Devotion premiered at the Toronto International Film Festival in IMAX at the Ontario Place Cinesphere on September 12, 2022, and was released by Columbia Pictures through Sony Pictures Releasing in the United States on November 23, 2022. While it received positive reviews from critics and audiences, it grossed $21.8 million worldwide against a $90 million budget.

Plot
In early 1950, Lieutenant Tom Hudner transfers to Fighter Squadron 32 (VF-32) at Quonset Point Naval Air Station, where he meets Ensign Jesse Brown, the only black member of the unit. Hudner integrates well into the squadron, which is assigned F4U-4 Corsairs – powerful planes with a reputation for fatal accidents if not handled properly. After Brown's car breaks down, Hudner starts giving him rides and eventually meets his wife Daisy and their young daughter Pam. The Browns are doing well, but struggle with racist neighbors, and Brown has resorted to shouting racist abuse at himself in the mirror for motivation before missions.
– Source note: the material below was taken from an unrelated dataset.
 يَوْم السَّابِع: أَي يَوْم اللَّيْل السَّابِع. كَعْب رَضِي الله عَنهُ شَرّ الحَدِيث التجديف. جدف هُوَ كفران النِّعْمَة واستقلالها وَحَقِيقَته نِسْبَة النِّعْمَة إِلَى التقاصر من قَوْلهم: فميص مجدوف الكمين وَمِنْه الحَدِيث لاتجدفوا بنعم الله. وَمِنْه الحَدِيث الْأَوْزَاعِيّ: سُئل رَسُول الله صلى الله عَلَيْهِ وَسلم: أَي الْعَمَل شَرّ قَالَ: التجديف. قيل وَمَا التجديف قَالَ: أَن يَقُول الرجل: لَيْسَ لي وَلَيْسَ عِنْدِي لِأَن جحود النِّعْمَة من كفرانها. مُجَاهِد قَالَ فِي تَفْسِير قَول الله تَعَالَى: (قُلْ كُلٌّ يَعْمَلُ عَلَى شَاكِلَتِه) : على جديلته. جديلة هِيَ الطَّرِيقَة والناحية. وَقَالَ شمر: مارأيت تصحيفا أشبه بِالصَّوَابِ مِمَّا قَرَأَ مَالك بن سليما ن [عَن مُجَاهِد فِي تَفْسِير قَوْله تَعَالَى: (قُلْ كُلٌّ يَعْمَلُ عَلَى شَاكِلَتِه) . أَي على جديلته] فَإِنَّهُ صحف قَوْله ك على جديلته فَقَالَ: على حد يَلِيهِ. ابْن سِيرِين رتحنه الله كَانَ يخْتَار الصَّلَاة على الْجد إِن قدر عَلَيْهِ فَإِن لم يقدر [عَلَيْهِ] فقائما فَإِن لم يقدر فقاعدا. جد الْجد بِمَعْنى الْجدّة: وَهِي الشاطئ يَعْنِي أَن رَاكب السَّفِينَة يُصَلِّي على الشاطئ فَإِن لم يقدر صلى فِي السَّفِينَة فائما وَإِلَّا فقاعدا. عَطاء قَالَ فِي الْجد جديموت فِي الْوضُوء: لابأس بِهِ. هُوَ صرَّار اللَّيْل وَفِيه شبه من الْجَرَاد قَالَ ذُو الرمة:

VF-32 passes their carrier tests with the Corsair and transfer to the USS Leyte, which is deployed to the Mediterranean Sea to deter Soviet aggression. Before they leave, Daisy has Hudner promise that he will be there for Jesse. On the voyage, squadron member Mohring is killed in a crash while attempting to land a Corsair. Hudner questions why Mohring did not follow instructions, but Brown explains that one cannot always follow directions – if Brown had solely done what he was told, he would have been stopped early in his career by the many racist superior officers who wanted him to fail.

The unit has shore leave in Cannes, France, where Brown encounters actress Elizabeth Taylor on the beach and secures invitations for the squadron to a casino, impressing them. After Hudner gets in a drunken fight with a Marine who had previously harassed Brown, Brown tells Hudner not to fight his battles for him, but simply to be there for him. Brown is given an expensive watch by Leyte'''s black crewmen, who admire him for his work.
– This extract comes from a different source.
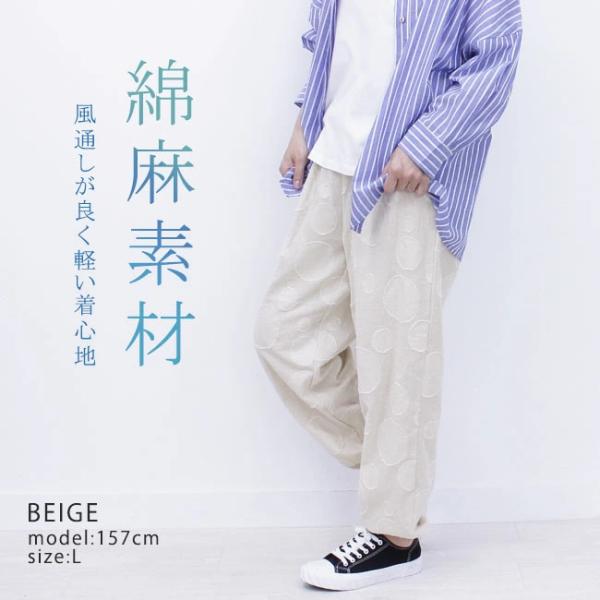 リラパン 綿麻 夏 日本製 サルエルパンツ リネン もんぺ ドット柄 部屋着 ルームウエア 涼しい 快適 大きいサイズ 春 メール便 速乾 ゆったり JAPAN

The next day, the squadron is informed that war has broken out between North and South Korea, and Leyte is redeploying to support the South. In November 1950, VF-32 arrives in Korea and learns that Chinese troops have entered the war on the North Korean side and begun to push American forces back. The squadron deploys to destroy a pair of bridges on the Yalu River between China and North Korea, though they are only permitted to fire on the Korean side of the border. Brown and Hudner fight off a MiG-15 fighter jet while the others attack the bridges, but one remains standing. While Hudner orders a retreat in the face of anti-air fire from the Chinese side of the river, Brown disobeys him and attacks the bridge solo, successfully crippling it.
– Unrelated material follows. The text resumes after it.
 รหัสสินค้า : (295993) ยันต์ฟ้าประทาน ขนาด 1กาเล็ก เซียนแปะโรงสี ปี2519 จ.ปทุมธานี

Hudner's after-action report praises Brown but also mentions that he was acting against orders, which Brown tells Hudner will be used as an excuse to deny him promotions for the rest of his career, despite Hudner's attempt to revise the report. On another mission to support besieged Marines at Chosin Reservoir (including the Marine who earlier harassed Brown), Brown's Corsair is crippled, and he is forced to crash-land in a clearing in the mountains of North Korea. Hudner sees that Brown is alive but trapped in his cockpit and deliberately crashes his own plane in the clearing in order to aid Brown. Though he puts out an engine fire, Hudner is unable to extract the wounded Brown from the wreckage, and Brown dies shortly after a Marine helicopter arrives to assist him. Back on Leyte, Hudner's commander determines that it is too risky to attempt to recover Brown's body from the Chinese-controlled area, and VF-32 (minus the injured Hudner) is instead sent on a "funeral flight" to destroy the downed Corsairs, with Brown's corpse still inside.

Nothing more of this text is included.